## Task statement
Starting with the line that has "GRANT ALL PRIVILEGES" and finishing with the line that has "Toilet set Matte", set down each line below exactly. Pictures are not copied.

## Provided data
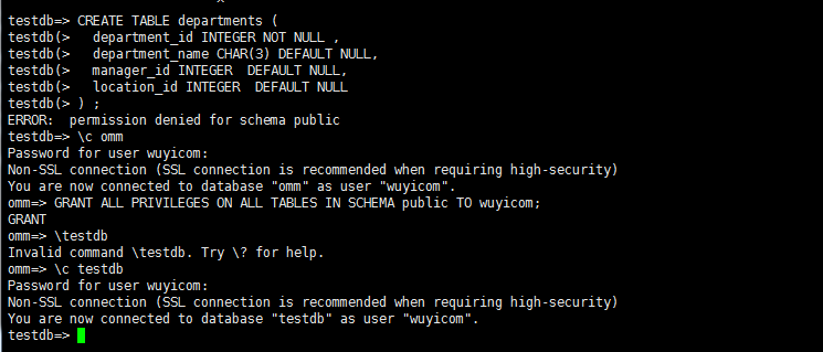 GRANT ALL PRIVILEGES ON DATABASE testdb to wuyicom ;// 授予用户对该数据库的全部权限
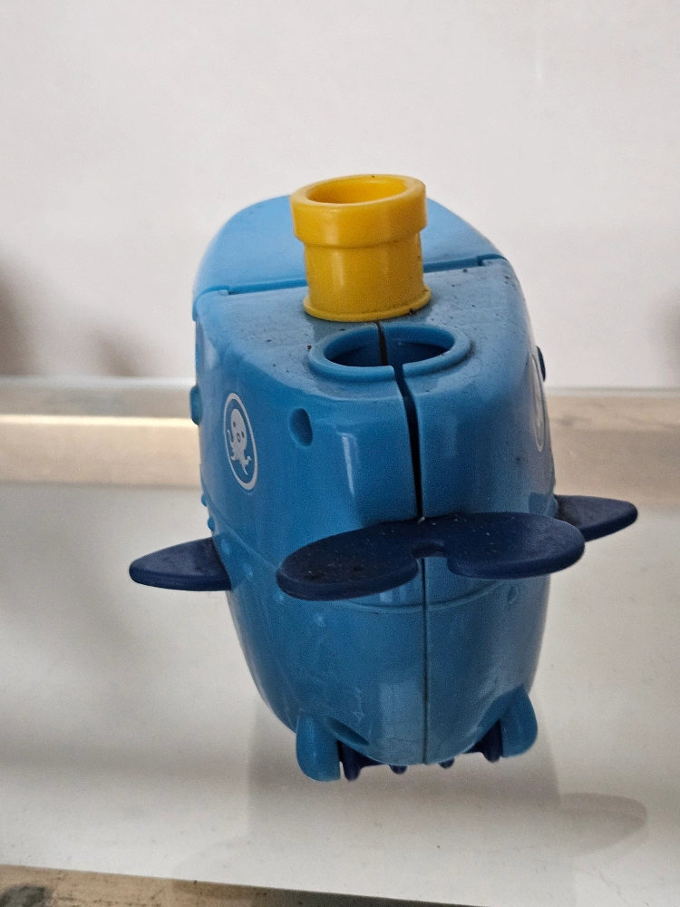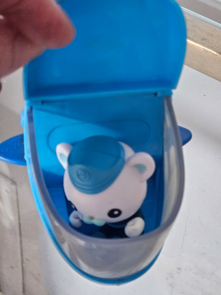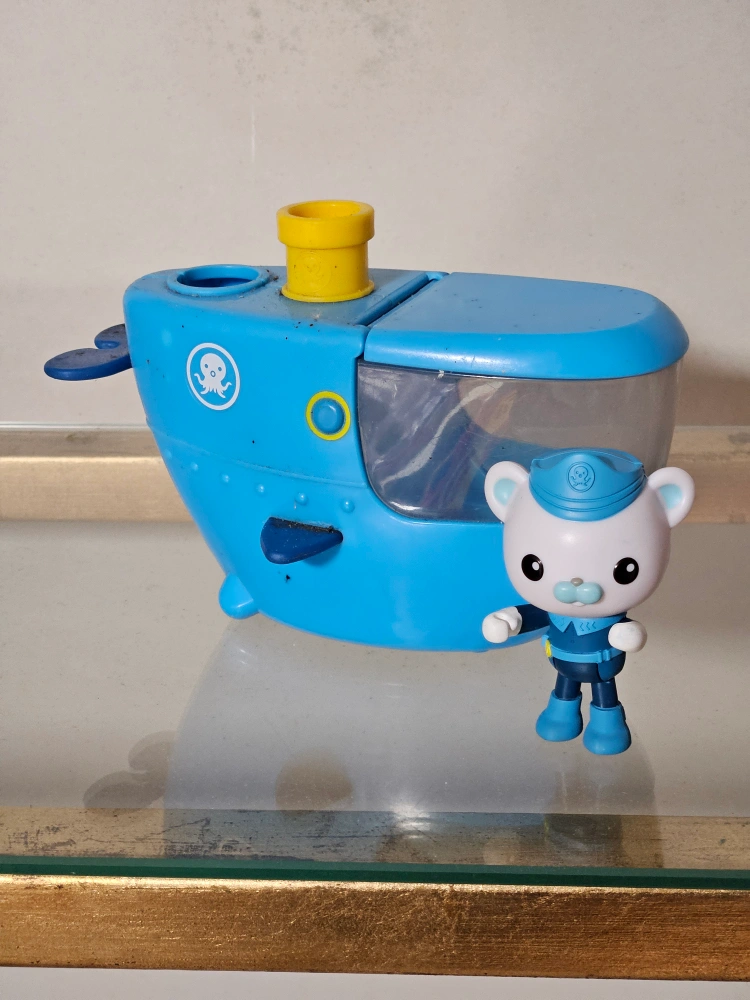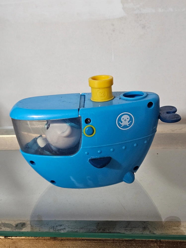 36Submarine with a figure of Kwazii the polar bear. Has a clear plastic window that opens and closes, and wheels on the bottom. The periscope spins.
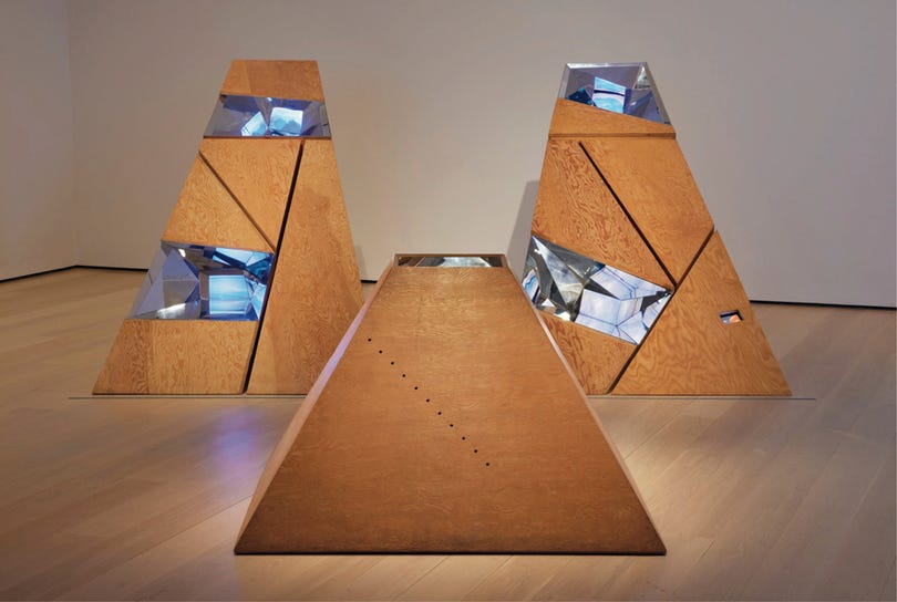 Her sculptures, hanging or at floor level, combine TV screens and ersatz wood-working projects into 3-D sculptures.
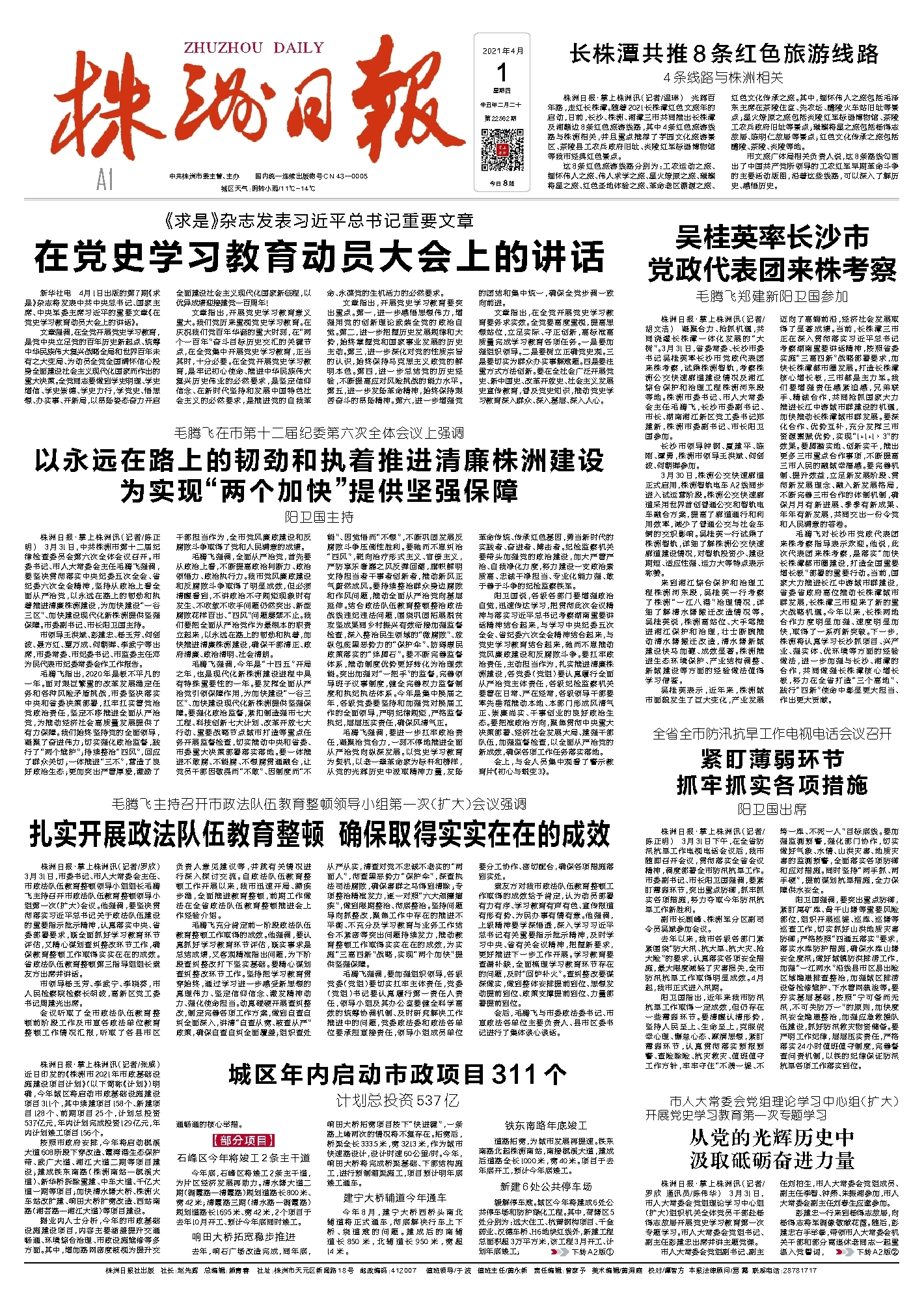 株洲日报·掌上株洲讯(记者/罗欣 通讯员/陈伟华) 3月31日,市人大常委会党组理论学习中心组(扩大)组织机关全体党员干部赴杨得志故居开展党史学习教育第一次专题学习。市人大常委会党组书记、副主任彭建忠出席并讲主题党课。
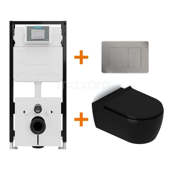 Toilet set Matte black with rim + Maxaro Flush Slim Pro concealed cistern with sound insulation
---
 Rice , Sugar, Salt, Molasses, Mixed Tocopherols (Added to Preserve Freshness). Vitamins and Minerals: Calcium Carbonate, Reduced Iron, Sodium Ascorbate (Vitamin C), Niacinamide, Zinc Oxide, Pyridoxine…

## Result of this task
 GRANT ALL PRIVILEGES ON DATABASE testdb to wuyicom ;// 授予用户对该数据库的全部权限
 36Submarine with a figure of Kwazii the polar bear. Has a clear plastic window that opens and closes, and wheels on the bottom. The periscope spins.
 Her sculptures, hanging or at floor level, combine TV screens and ersatz wood-working projects into 3-D sculptures.
 株洲日报·掌上株洲讯(记者/罗欣 通讯员/陈伟华) 3月31日,市人大常委会党组理论学习中心组(扩大)组织机关全体党员干部赴杨得志故居开展党史学习教育第一次专题学习。市人大常委会党组书记、副主任彭建忠出席并讲主题党课。
 Toilet set Matte black with rim + Maxaro Flush Slim Pro concealed cistern with sound insulation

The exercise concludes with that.